In this experimental example, the following are specific: in the S4, the constant current density is 3-9mA/cm²。

In this experimental example, the following are specific: the electrodeposition temperature is 70 ℃, and the electrodeposition time is 5-20 minutes.

In this experimental example, the following are specific: in the step S5, the ultrasonic cleaning time is 10-20min, the height of the inner tank of the ultrasonic cleaning equipment is 35-40cm, the power of the single vibrating plate at the bottom is kept at 0.3-0.5W/cm²。

Experimental data:

the invention also provides experimental data for preparing the copper-based super-hydrophobic coating based on the method, as shown in experimental examples 1-3:

experimental example 1

1) The copper sheet and the copper block are grinded and polished by 1000#, 1500# and 2000# SiC sand paper, then are ultrasonically cleaned in acetone, are washed by deionized water and are then put into 10 wt% hydrochloric acid solution for acid cleaning so as to remove pollutants and oxides on the metal surface. Then washing with deionized water and drying.

2) Choline chloride (ChCl) and Ethylene Glycol (EG) are proportioned according to a molar ratio of 1:2 to form ionic liquid, and continuous magnetic stirring is carried out at 70 ℃ until colorless transparent liquid is formed. Then 0.2mol/L of copper chloride was added to the mixture of ethylene glycol and choline chloride, and stirring was continued at that temperature until a yellow transparent liquid was obtained.

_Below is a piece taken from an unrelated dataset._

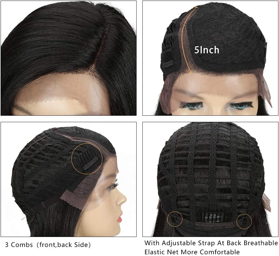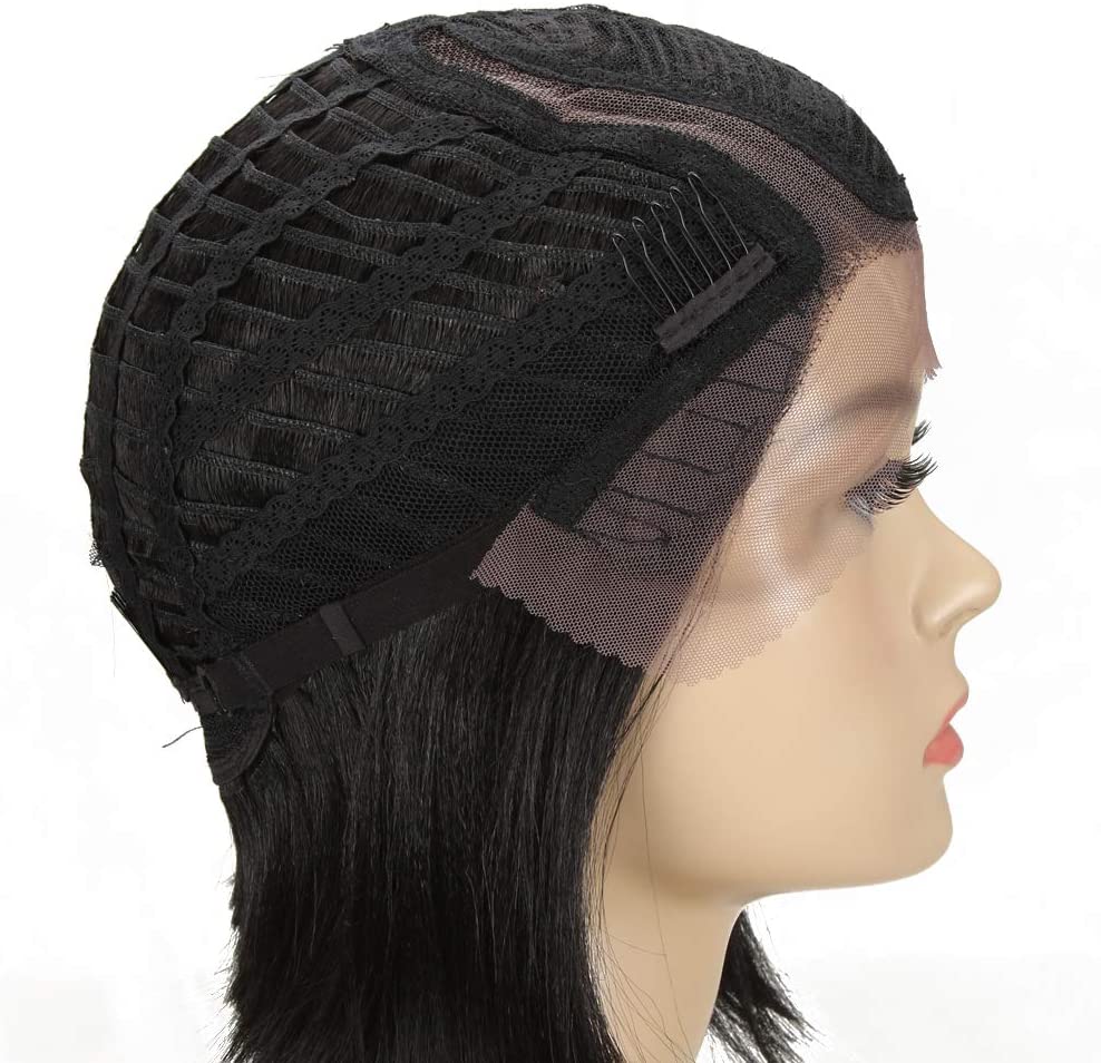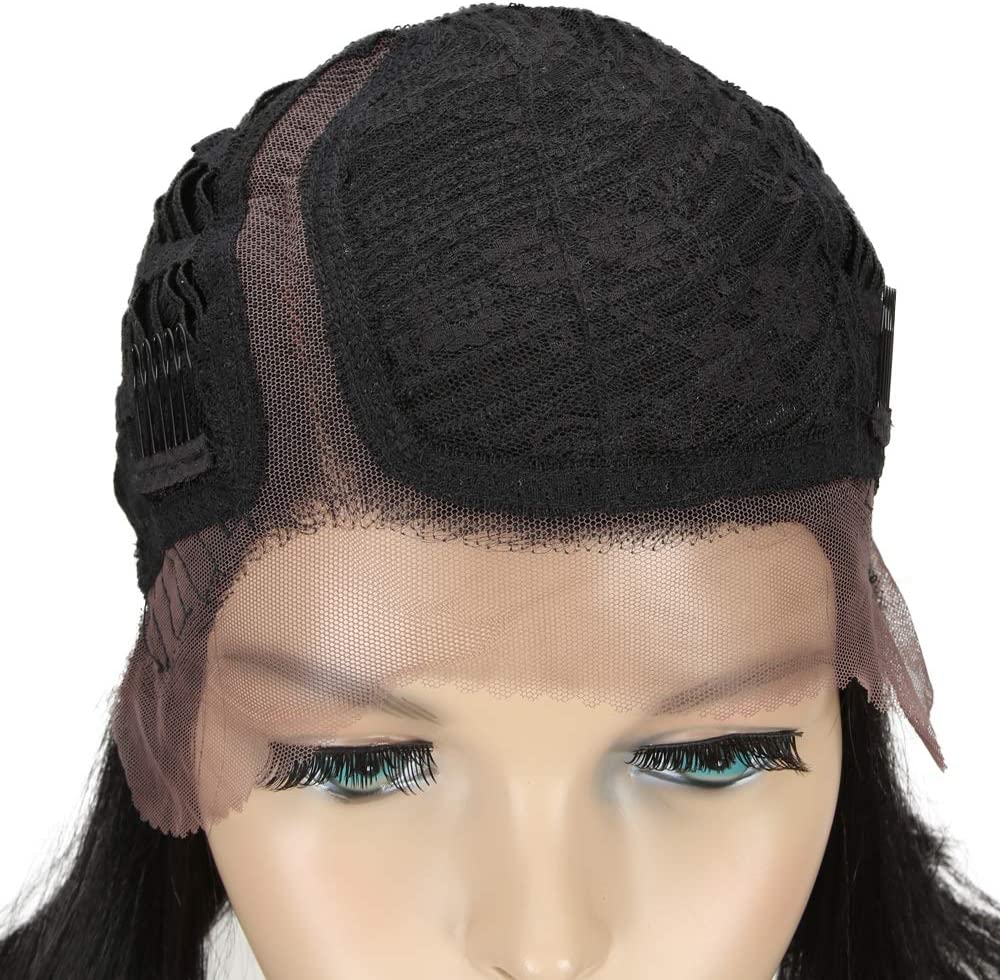 - 〖Design:〗 front lace wig high density, tied in half hand, breathable pink net, left side part, natural law, length 24 cm, weight 120 g. Hooded with adjustable straps and 3 hooks, regulate the hooks to adapt them to your head, if it is too small for you, tell us only how big you need, we could provide a larger one without additional costs.

3) Preparing stearic acid-ethanol solution according to 2 wt%, uniformly mixing, measuring 70ml of stearic acid-ethanol solution, adding into the yellow transparent liquid, and continuously stirring at 70 ℃ until uniform mixing; then 0.02mol/L salicylic acid (C7H6O3) was added and stirred at 70 ℃ until a homogeneous mixed liquid was formed.

4) And (3) immersing the electrode in the electrolyte, connecting the electrode with a power supply, taking a copper sheet as a soluble anode, namely a counter electrode, taking a copper block as a working electrode, wherein the working electrode is opposite to the counter electrode in parallel, and starting electrodeposition under the conditions that the electrodeposition temperature is 70 ℃, the electrodeposition time is 5min, the power supply is a direct current power supply, and the current density is 9mA/cm 2.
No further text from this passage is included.